To control replication for one of the above sets of system ranges, use the ALTER RANGE ... CONFIGURE ZONE
statement to define the relevant values (other values will be inherited from the parent zone):
> ALTER RANGE meta CONFIGURE ZONE USING num_replicas = 7;
CONFIGURE ZONE 1
> SHOW ZONE CONFIGURATION FROM RANGE meta;
target | raw_config_sql
+------------+---------------------------------------+
RANGE meta | ALTER RANGE meta CONFIGURE ZONE USING
| range_min_bytes = 134217728,
| range_max_bytes = 536870912,
| gc.ttlseconds = 3600,
| num_replicas = 7,
| constraints = '[]',
| lease_preferences = '[]'
(1 row)
For more information, see ALTER RANGE ... CONFIGURE ZONE
.
Create a replication zone for a database
To control replication for a specific database, use the ALTER DATABASE ... CONFIGURE ZONE
statement to define the relevant values (other values will be inherited from the parent zone):
> ALTER DATABASE movr CONFIGURE ZONE USING num_replicas = 5, gc.ttlseconds = 100000;
CONFIGURE ZONE 1
> SHOW ZONE CONFIGURATION FROM DATABASE movr;
target | raw_config_sql
----------------+-------------------------------------------
DATABASE movr | ALTER DATABASE movr CONFIGURE ZONE USING
| range_min_bytes = 134217728,
| range_max_bytes = 536870912,
| gc.ttlseconds = 100000,
| num_replicas = 5,
| constraints = '[]',
| lease_preferences = '[]'
(1 row)
For more information, see ALTER DATABASE ... CONFIGURE ZONE
.
Create a replication zone for a table
To control replication for a specific table, use the ALTER TABLE ... CONFIGURE ZONE
statement to define the relevant values (other values will be inherited from the parent zone):
> ALTER TABLE users CONFIGURE ZONE USING num_replicas = 5, gc.ttlseconds = 100000;
CONFIGURE ZONE 1
> SHOW ZONE CONFIGURATION FROM TABLE users;
target | raw_config_sql
--------------+-----------------------------------------
TABLE users | ALTER TABLE users CONFIGURE ZONE USING
| range_min_bytes = 134217728,
| range_max_bytes = 536870912,
| gc.ttlseconds = 100000,
| num_replicas = 5,
| constraints = '[]',
| lease_preferences = '[]'
(1 row)
For more information, see ALTER TABLE ... CONFIGURE ZONE
.
Create a replication zone for a secondary index
The Cost-based Optimizer can take advantage of replication zones for secondary indexes when optimizing queries.

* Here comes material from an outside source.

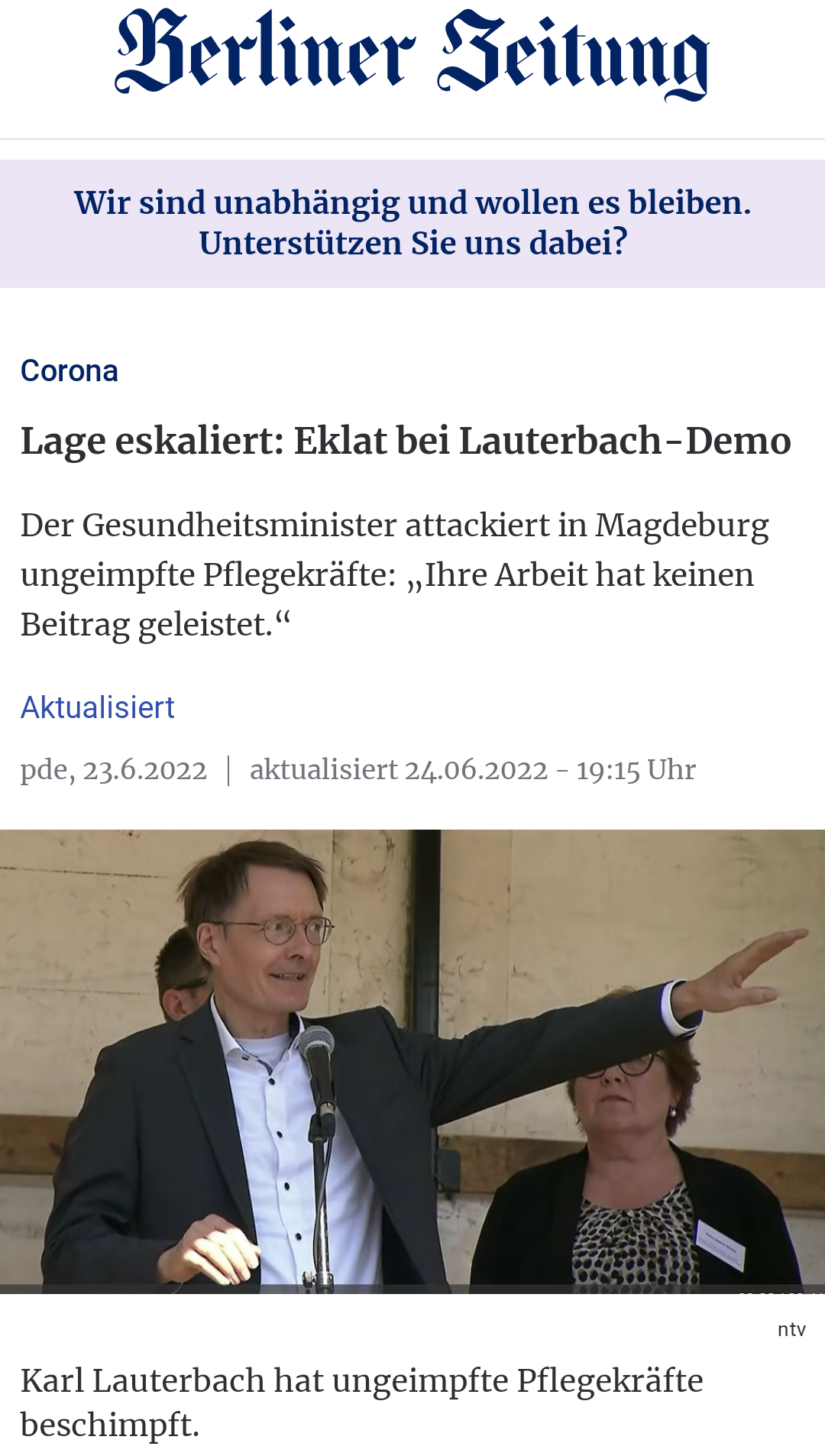 Die guten Volkszertreter und Wizzenschaftler, sind jetzt die, die am lautesten gegen Lauterbach brüllen, in der Hoffnung das dieser schnelle Maskenwechsel des einstigen Corona-Agitator an den meisten Menschen vorbei geht.

This is an enterprise-only feature. You can use free trial credits to try it out.
The secondary indexes on a table will automatically use the replication zone for the table. However, with an enterprise license, you can add distinct replication zones for secondary indexes.
To control replication for a specific secondary index, use the ALTER INDEX ... CONFIGURE ZONE
statement to define the relevant values (other values will be inherited from the parent zone).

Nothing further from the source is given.